Toni Cantó como síntoma

¿Qué ha aportado y qué puede aportar Toni Cantó a la política? Aportar solo el mal ejemplo del nomadismo partidista, y sobre el futuro más vale no hacer cábalas. El activo del personaje tiene que ver con una notoriedad de medio pelo como actor, más de reparto que protagonista; también con su buena planta, que en estos tiempos telegénicos puede aportar un plus de conocimiento. También cierta facilidad de palabra que no quiere decir de ideas o propuestas.
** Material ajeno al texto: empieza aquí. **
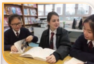
交流生與我們一同上課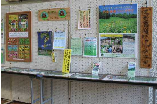
『ようこそ乙女高原へ』展 は市民会館ロビーにて。1月14日からフォーラム当日まで。

山梨市民会館 山梨市万力 1830 TEL 0553-22-9611 国道 140 号線東。万力公園北。 JR 山梨市駅より徒歩 8 分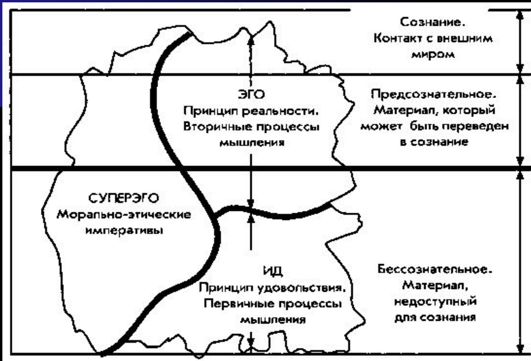
Рис. 1. Связь структурной модели с уровнями сознания.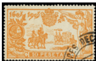
1424 60 €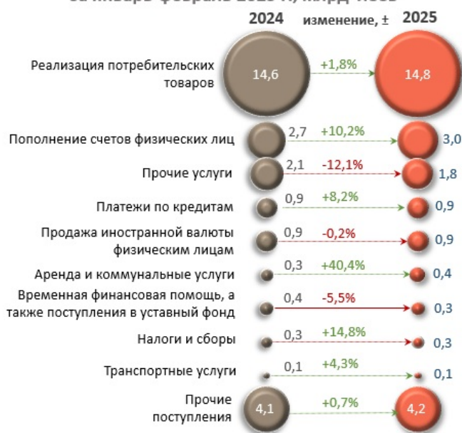
Основные источники денежных поступлений, совокупно за январь-февраль 2025 г., млрд леев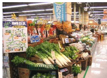
量販店における インショップの設置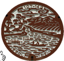
▲ 鈴鹿市公共下水道 マンホールデザイン

「下水道の日」は、下水道の大きな役割である「雨水の排除」を念頭に、台風シーズンである「二百十日」を過ぎた、立春から数えて220日目の9月10日に定められました。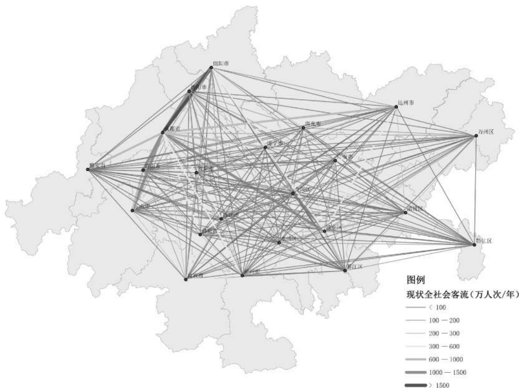
图2 2017年成渝地区双城经济圈联系强度示意图

中心展开。从客流来看，以成渝、成德绵眉乐、成都—达州和重庆—万州等联系最为密切。2017年成渝之间联系强度高达1460万人次/年(见图2)，高于距离相当的济南—青岛之间1350万人次/年的联系强度，达到上海和南京间联系强度的一半。值得注意的是，距离成渝“双核”更近的成渝中部地区，与成渝“双核”之间的联系强度并不高，大多保持在500万人次/年以下，进一步印证了成渝中部地区的“塌陷”短板。

Su último avatar tiene que ver con el oportunismo de entrar en la Asamblea de Madrid en la bancada popular. Una pieza más del acoso y derribo que el PP ha aplicado para absorber, a las malas, como A hostil, a Ciudadanos y reducir competidores en el centro. Cantó no aportaba al PP otra cosa que un golpe de efecto contra Ciudadanos. La ejecutoria del actor en política no va más allá de discursos retóricos y aparición en listas para ejercer de diputado objeto. Es un síntoma de las estratagemas que han sustituido a la estrategia en los partidos.

Ahora un juzgado ordinario, en aplicación estricta de la legislación electoral, dice que Cantó no es elegible porque no estaba inscrito en Madrid antes del 1 de enero, cuando era diputado en ejercicio en Valencia. La norma es de sobra conocida, puede ser discutible, pero está en vigor, También puede ser burlada (ya se sabe que el rigor de la ley se mitiga con el incumplimiento) con argumentos como que el candidato tiene casa y familia en Madrid y otros similares, que son tan ciertos como insuficientes en la consideración de la juez que ha entendido el caso.

Desde luego que caben recursos y que otros tribunales con más manga ancha avalen la inclusión en las listas de Cantó; pero la chapuza ha quedado en evidencia. El síndrome Cantó apunta a la ligereza de los dirigentes de los partidos que hacen lecturas interesadas de las normas que ellos mismos han aprobado.

Es más que probable que a los del Partido Popular el señor Canto, les importe una higa; lo que les podía aportar ya está cobrado; les ha servido para debilitar a un adversario con argumentos artificiosos que solo desprestigian a quien les ponen en marcha y se aprovechan de ello. Se trata de un caso menor, irrelevante, que no dejará huella; pero indicativo de una forma asquerosa de hacer política; tanto como la campaña electoral de Madrid, la peor que han conocido los madrileños, peor aun que el caso de los trásfugas que han jalonado varias elecciones en la capital de España. Cantó es otro síntoma de degradación.